Porque escribiendo Doña Lidia había conseguido reinventarse el mundo. Había conseguido sentirse casi feliz.

Nadie necesitaba de ese puñado de relatos como Doña Lidia que empapelaba ese vacío de millones de papelitos. Ideas, comienzos, finales,  personajes y lugares sobre los que escribir. En mitad de una clase, entre el primer y el segundo plato, en plena ducha, había tenido tantas veces que detener lo que estaba haciendo solo para escribir. En un vano afán de capturarlas. Que no se escaparan, no, que algún día servirían. Millones de papelitos que año tras año había ido reuniendo y atesorando con la esperanza de que un día ayudaran a echar a andar de nuevo. Pero ese día no había llegado nunca y habían quedado olvidados en cajas y más cajas en un desván.

Doña Lidia ni tan siquiera sabía porque las letras le habían ido abandonando. Hubo quién dijo que quizás se cansaron de sentirse utilizadas, o que quizás un miedo malvado a la falta de originalidad las paralizó en un lugar remoto de la imaginación. Hubo quién afirmó que todo caudal de agua termina por agotarse, o quién sugirió que quizás la falta de riego terminó por secarlas. Hubo quién, investido de pomposos títulos, le puso nombre de enfermedad; o quién, neciamente, le aconsejó dedicar sus seniles esfuerzos a completar cualquier nueva y rara colección.

Qué mas daba. Un millón de nombres o ninguno. Un millón de intentos o ninguno en poner etiquetas. Qué más daba. El caso es que Doña Lidia dejó de contar.


Y así pasaron tiempos y más tiempos, hasta que a su buzón comenzaron a llegar relatos. Y con una gota, y con dos, y luego tres, termina por llover.
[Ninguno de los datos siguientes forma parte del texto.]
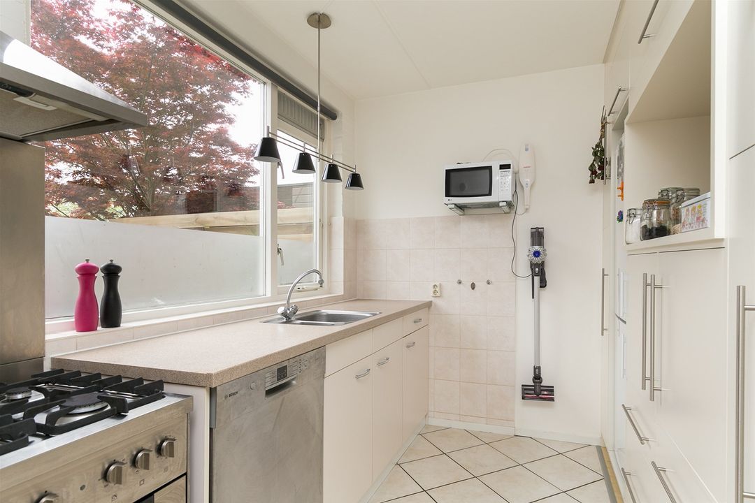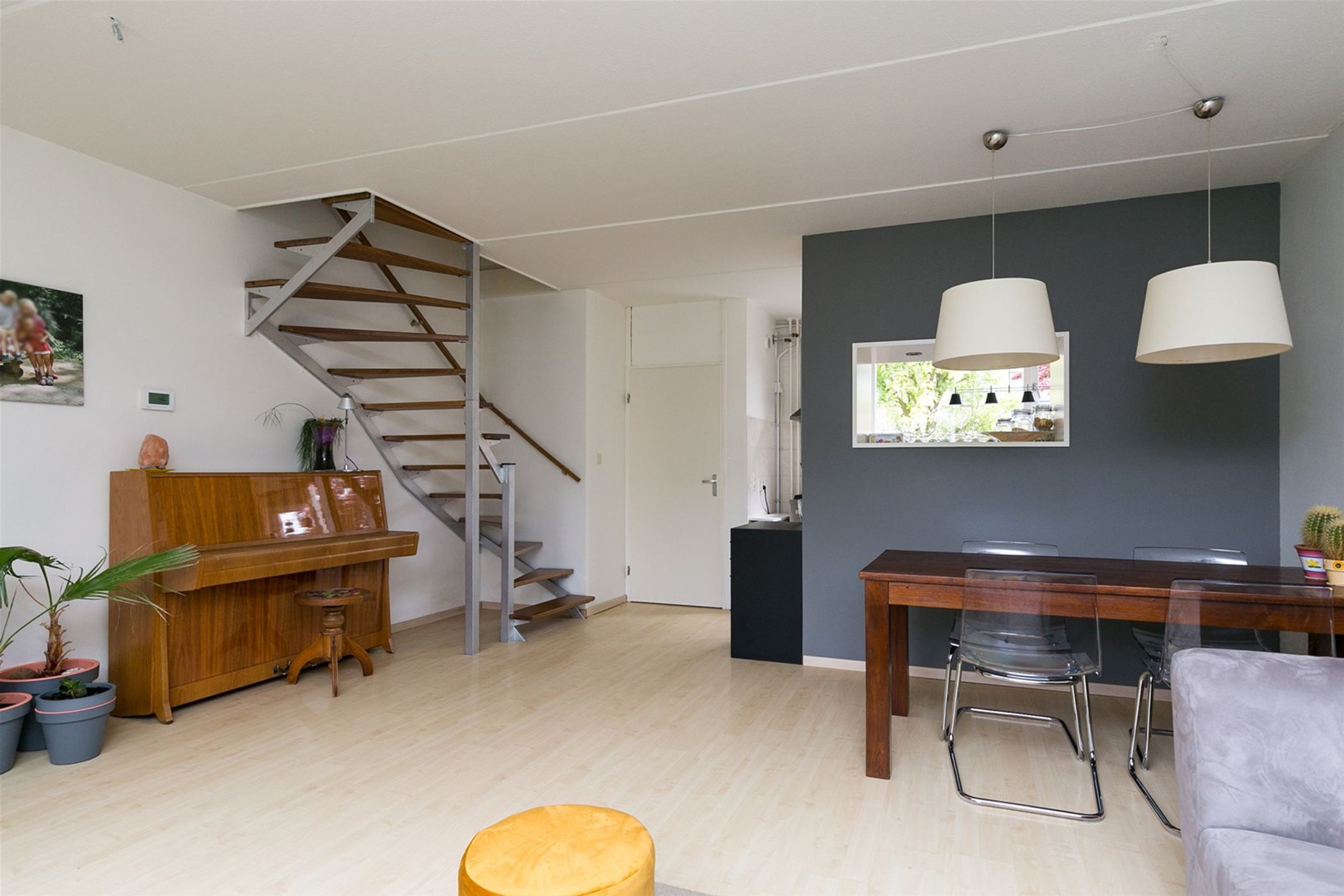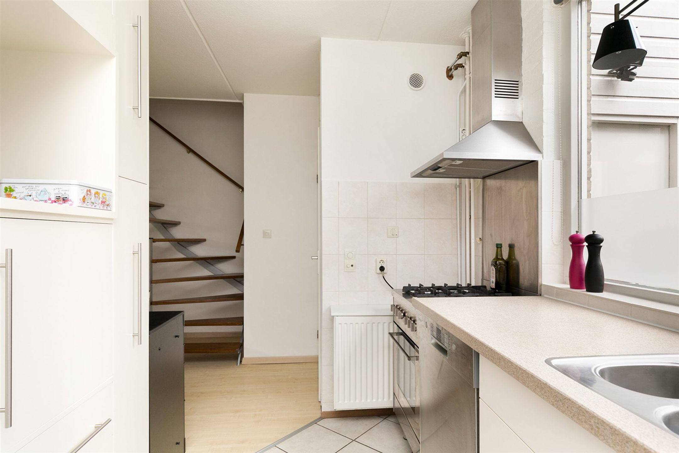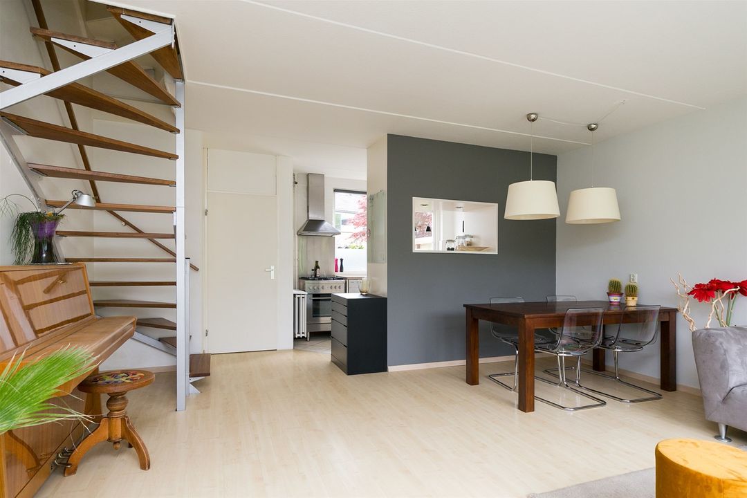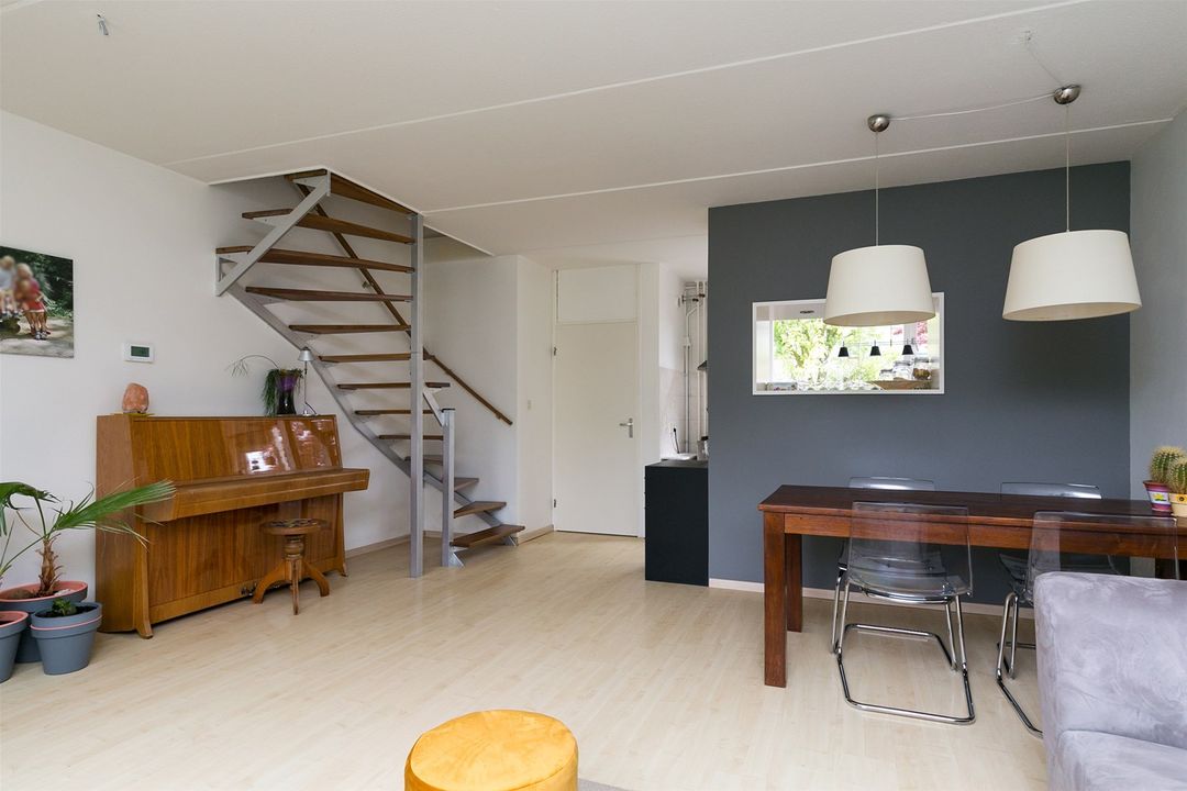 De woonkamer is voorzien van licht en strak afgewerkte muren en een lichte laminaat vloer. De halfopen keuken ligt aan de voorzijde van de woning De keuken is voorzien van een gasfornuis met oven en een afzuigkap. Middels de open trap in de woonkamer bereikt u de eerste verdieping.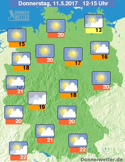 Die Höchstwerte liegen heute bei kühlen 14 Grad an der Ostseeküste und schwül-warmen 22 Grad an Rhein und Donau.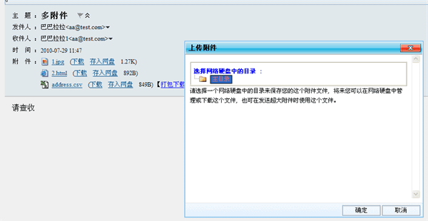 2.16 附件保存网盘 点击附件后的存入网盘,然后选择想要存入的网盘目录,将附件保存到您的网盘上。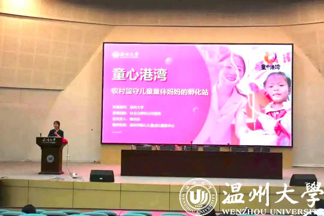 为了让师生对科创赛事有更直观的体验,90足球直播网 2023年挑战杯金奖项目《童心港湾——农村留守儿童童伴妈妈的孵化站》项目负责人陈怡佳进行现场路演。她结合国家政策,讲述了这个项目产生的由来。通过项目背景、市场痛点、国家政策以及地方政策,充分论证了这个项目的可行性以及必要性。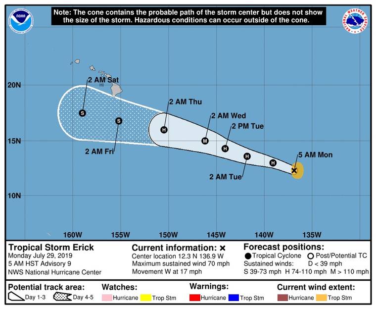 Erick was packing maximum sustained winds of 70 mph with locally higher gusts, just below Category 1 hurricane level, moving to the west at 17 mph. Tropical-storm-force winds extend outward up to 70 miles from the center.

Y los bolsillos de Doña Lidia desbordaban historias que iba aprendiendo, y esos regalos de papel arropaban el vacío que habían dejado en ella sus propias letras.






3.

A Doña Lidia le habían sobrado historias.
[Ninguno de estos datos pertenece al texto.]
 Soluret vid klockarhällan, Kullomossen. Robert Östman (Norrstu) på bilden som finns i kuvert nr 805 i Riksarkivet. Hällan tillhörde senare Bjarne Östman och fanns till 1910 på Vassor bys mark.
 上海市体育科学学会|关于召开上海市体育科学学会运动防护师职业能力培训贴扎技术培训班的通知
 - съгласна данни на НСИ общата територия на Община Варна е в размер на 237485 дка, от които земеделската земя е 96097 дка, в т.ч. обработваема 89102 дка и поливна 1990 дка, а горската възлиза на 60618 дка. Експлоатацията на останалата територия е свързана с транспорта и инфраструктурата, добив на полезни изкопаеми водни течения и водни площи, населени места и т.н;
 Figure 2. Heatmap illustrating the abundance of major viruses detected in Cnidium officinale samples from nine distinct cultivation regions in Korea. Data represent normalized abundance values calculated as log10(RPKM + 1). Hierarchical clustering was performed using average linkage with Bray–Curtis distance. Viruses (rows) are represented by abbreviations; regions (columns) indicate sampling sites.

“¡A ver caballeros! ¿Quién quiere empezar hoy?” Y Juan García, 1º de bachiller del 75, levantaba rápidamente el dedo, moviendo sin parar el culo en el asiento, nerviosito, deseando hablar, loco por empezar. “Señor García deje usted el baile de San Vito que no va a empezar hoy, que eso ya sé que se le da como hongos, no, no estese bien atento que le tocará la ultima frase...” Y así doña Lidia se aseguraba que Juan García, prestara atención durante toda la clase, una hazaña para él mayor que cualquiera de las del Cid Campeador.

“Rodrigo Pérez,  a ver caballero, una frase con “musarañas”, que nos va a dar usted el principio del relato...” Y Rodrigo Pérez, 1º de bachiller del 76, tenía que bajar a todas prisas de su mundo para comenzar la historia... Esa historia que uno a uno, pupitre a pupitre irían inventando...
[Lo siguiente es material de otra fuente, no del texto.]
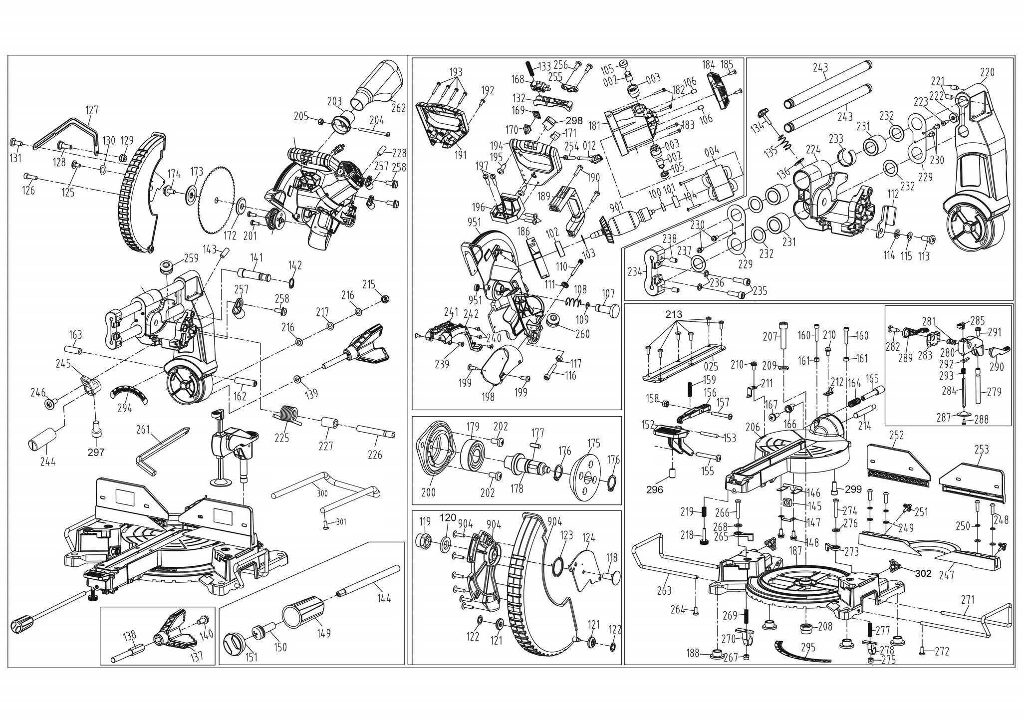 Ersatzteile für FullBoar Kapp- / Gehrungssäge FBSCMSDB-20305, EX, AUS, ( 3001154 )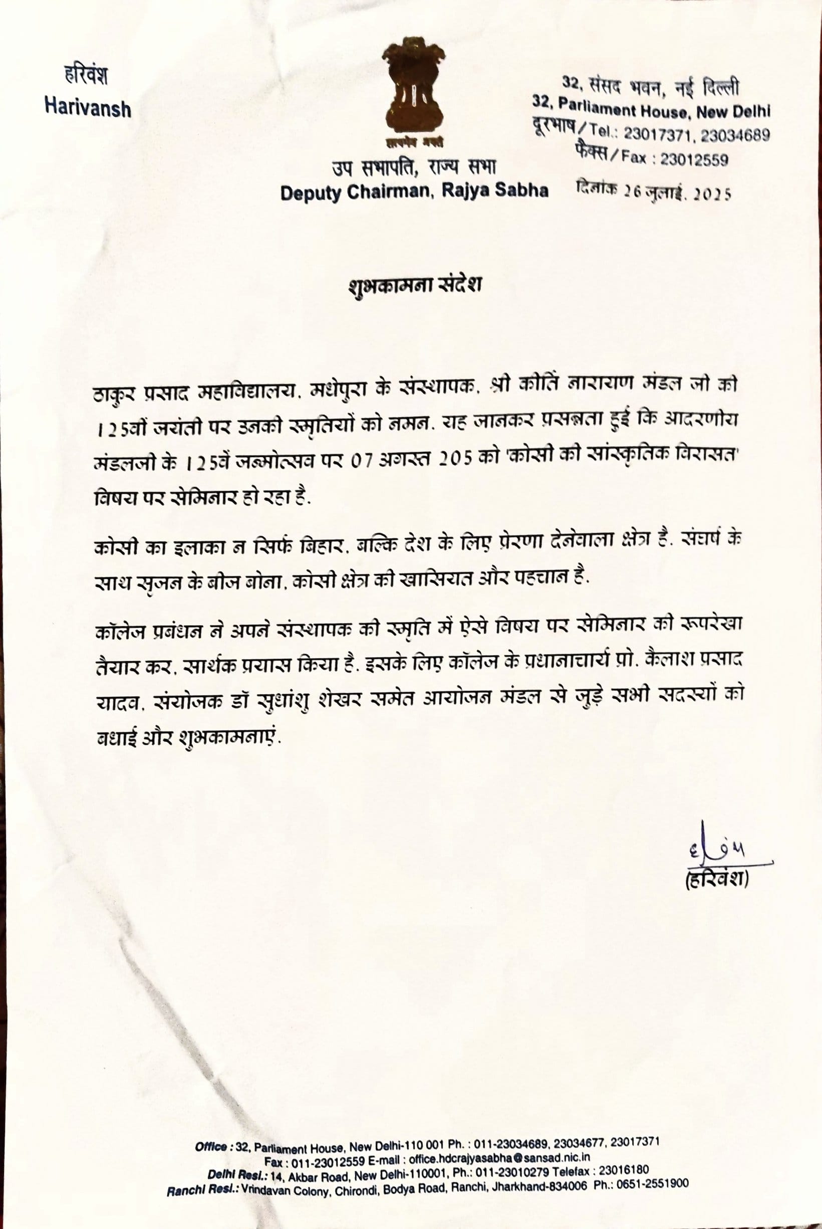 राज्यसभा के माननीय उपसभापति श्री हरिवंश जी ने कृपापूर्वक अपना शुभकामना-संदेश उपलब्ध कराया है। इसके लिए हम उनके प्रति आभार व्यक्त करते हैं।

“¡Germán Sánchez! ¿Cómo es nuestro protagonista? denos a sus compañeros y a mí 5 cualidades”, “¡Cincoooo!, protestaba Germán Sánchez, 1º de bachiller del 77, abriendo los ojos de par en par y elevando el tono de voz como si le hubieran pedido que recitara todos los misterios del Rosario... “Pues tiene usted razón, Germán, todita la razón, contestaba doña Lidia espabilando hasta a las arañas que trabajaban en los altísimos rincones de aquella clase, cinco van a ser pocas, denos mejor diez”. Y Germán Sánchez parsimoniosamente, sin gana ninguna comenzaba la retahíla: “Fumador, holgazán, despistado...” “¡Pero bueno, un momento, un momento, gritaba doña Lidia, ¿Qué hemos aprendido en todo este tiempo...? A ver Felipe Gómez, aproveche ese arte que le ha dado Dios para hacer payasadas, y vaya poniendo los gestos a las características que le vaya diciendo Germán”. Y Felipe Gómez, el gracioso de la clase, iba haciendo mímica y ahora tenía un cigarrillo en la mano, ahora bostezaba, ahora tropezaba...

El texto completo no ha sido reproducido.